Пока я работала, за Джейми и Томом приглядывала юная дочка Мартинов. Она была порядочной девушкой, да и за детьми следила зорко, но из-за пуританского воспитания полагала, что веселье и смех порочны. Такая строгая нянька была Джейми не по душе, и, завидев меня в окно, он всегда бежал мне навстречу и обхватывал мои колени. Однако на другой день после прибытия мистера Викарса Джейми не встречал меня на пороге. Его тоненький смех раздавался из теплого уголка у очага, и я, как сейчас помню, подумала: что это нашло на Джейн Мартин, если она села с ним играть? Но, пройдя в дом, я увидела, что Джейн помешивает похлебку в котелке, губы привычно сжаты в нитку. По комнате на четвереньках ползал мистер Викарс, а верхом на нем, восторженно повизгивая, сидел Джейми.
– Джейми! Ну-ка немедленно слезай с бедного мистера Викарса! – воскликнула я.
Но портной лишь рассмеялся, а затем закинул назад светловолосую голову и по-лошадиному заржал.
– Я его лошадка, миссис Фрит, с вашего позволения. Он отменный наездник и почти никогда не бьет меня хлыстом.
Еще через день, когда я возвратилась домой, Джейми, подобно Арлекину, весь был увешан пестрыми лоскутками из корзинки мистера Викарса. А на третий день они вдвоем привязывали мешки с овсом к стульям, сооружая укрытие.
Я стала благодарить мистера Викарса за его доброту, но он лишь отмахнулся:
– Славный у вас мальчонка. Отец, должно быть, страшно им гордился.

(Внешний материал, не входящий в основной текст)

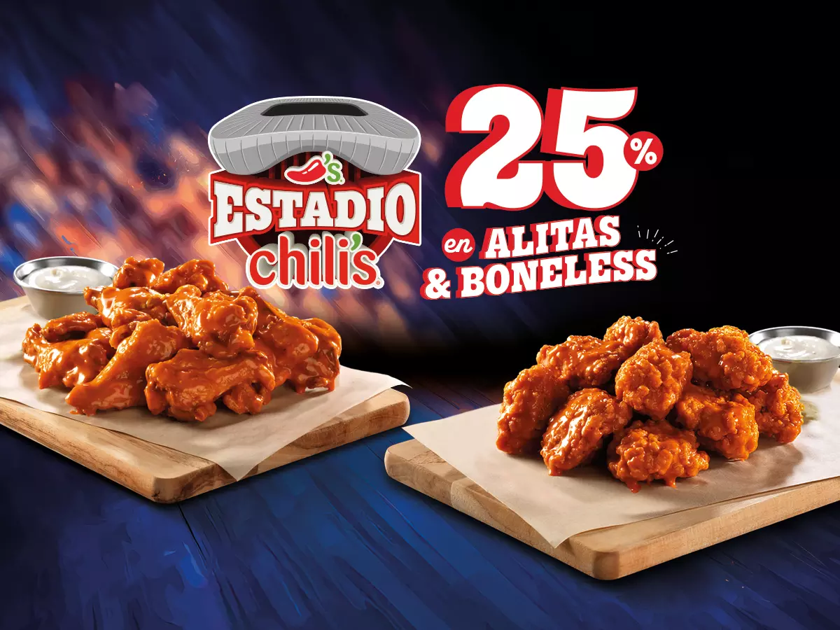 Disfruta el estadio Chili´s con este combo 10 Alitas y gratis 5 Alitas + 1 Coca-Cola
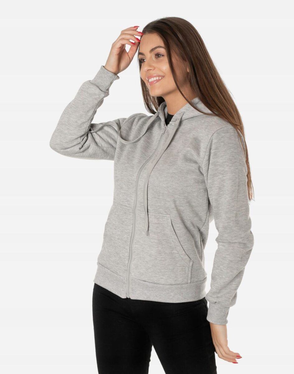 Znakomicie sprawdzi się w chłodniejsze dni, bo jest wyjątkowo ciepła i bardzo wygodna. Bluza zasuwana jest w całości na zamek błyskawiczny i posiada dwie naszywane kieszenie na dłonie. Dół bluzy oraz rękawy wykończone szerokim elastycznym ściągaczem co pozwala na precyzyjne dopasowanie bluzy do ciała i zapobiega utracie ciepła. Długość midi, która z powodzeniem zakrywa części ciała wrażliwe na chłód jak plecy na wysokości nerek i pośladki.
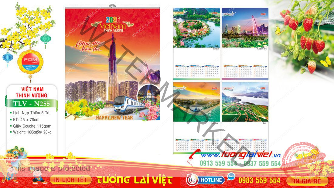 ➤ Lịch 5 tờ nẹp thiếc bao gồm:
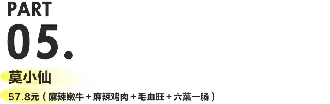 至于味道,鸡胸肉特别柴,就像在嚼卫生纸、鸡肠等杂碎稍微好一些,味道浓郁软烂。锅底也是莫小仙一贯的端水底料无功无过,看在便宜大碗的份上,我们也不能对它要求太高。也就是说:能吃!能吃饱!
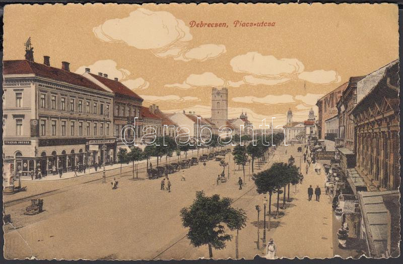 Debrecen, Piac utca, Neumann M. üzlete, Csanak József üzlete, ékszerés... https://www.darabanth.com/de/212-Fernauktion/212.0/Ansichtskarten/Ungarn~48/Debrecen-Piac-utca-Neumann-M-uzlete-Csanak-Jozsef-uzlete-ekszeresz-uzlet-Kozponti-Szal~II878026
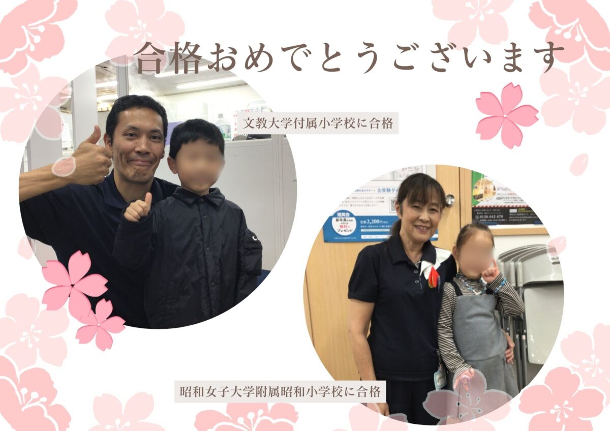 昭和女子大学附属昭和小学校に合格した女の子と、文教大学付属小学校に合格した男の子がご挨拶に来てくれました。
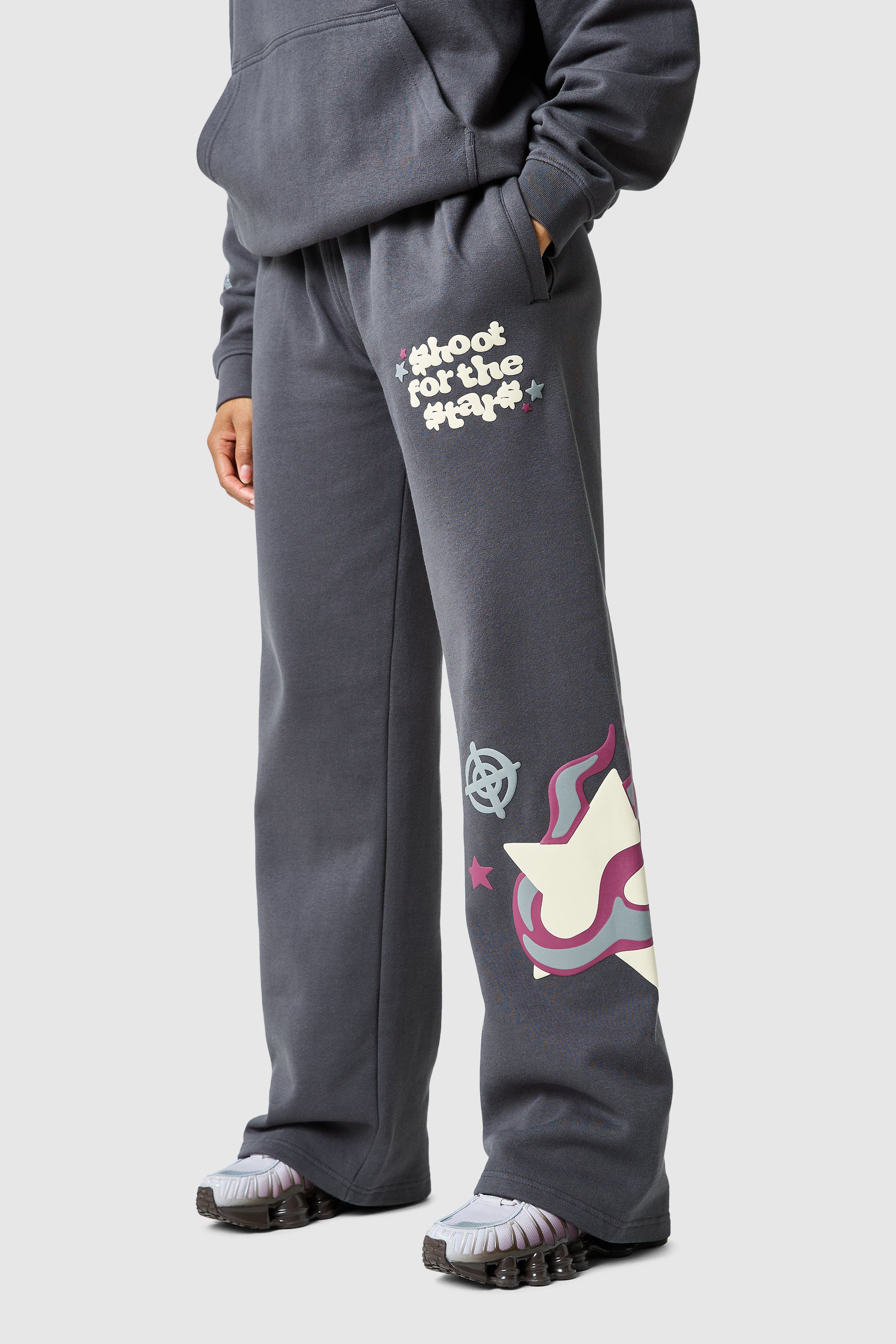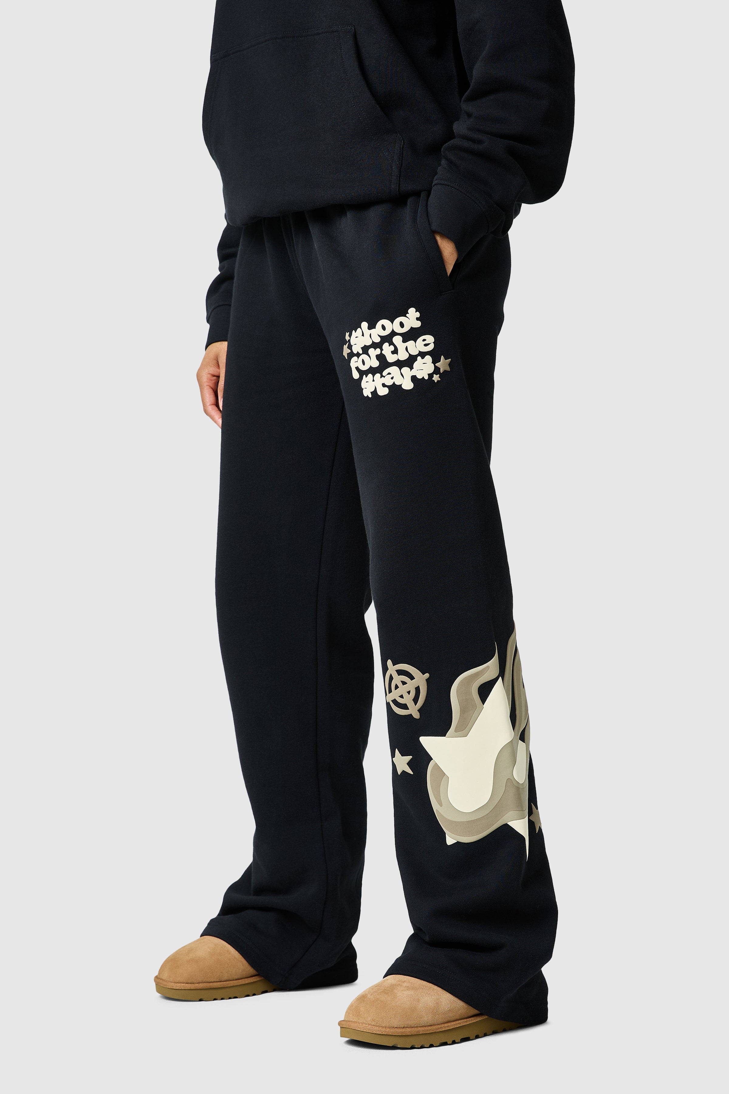 Le jogging Shoot For The Stars présente une coupe ample et évasée avec un imprimé graphique audacieux, alliant confort et style sans effort. Associez-le à la capuche assortie pour un look décontracté et complet.

Тогда я постаралась отплатить ему иным способом – накрывала особенно хороший стол, и он щедро нахваливал мою стряпню. В ту пору мистер Хэдфилд был единственным портным на все окрестные города, и работы его подмастерью хватало с лихвой. Мистер Викарс часто засиживался с шитьем допоздна, ловко орудуя иголкой и сжигая за вечер по целой лучине. Если у меня оставались силы, я находила себе какое-нибудь занятие близ очага, чтобы составить ему общество, за что он награждал меня историями о местах, где ему довелось побывать. Для такого молодого человека он многое перевидал и вдобавок был искусным рассказчиком. Как и большинство местных, я никогда не заезжала дальше небольшого городка в семи милях от нашей деревни. До Честерфилда, ближайшего к нам крупного города, добираться вдвое дольше, и у меня еще ни разу не было потребности туда отправиться. Мистеру Викарсу были знакомы величие Лондона и Йорка, кипящая портовая жизнь Плимута и неиссякающий поток паломников Кентербери. Я с удовольствием слушала его рассказы об этих местах и о том, как устроена там жизнь.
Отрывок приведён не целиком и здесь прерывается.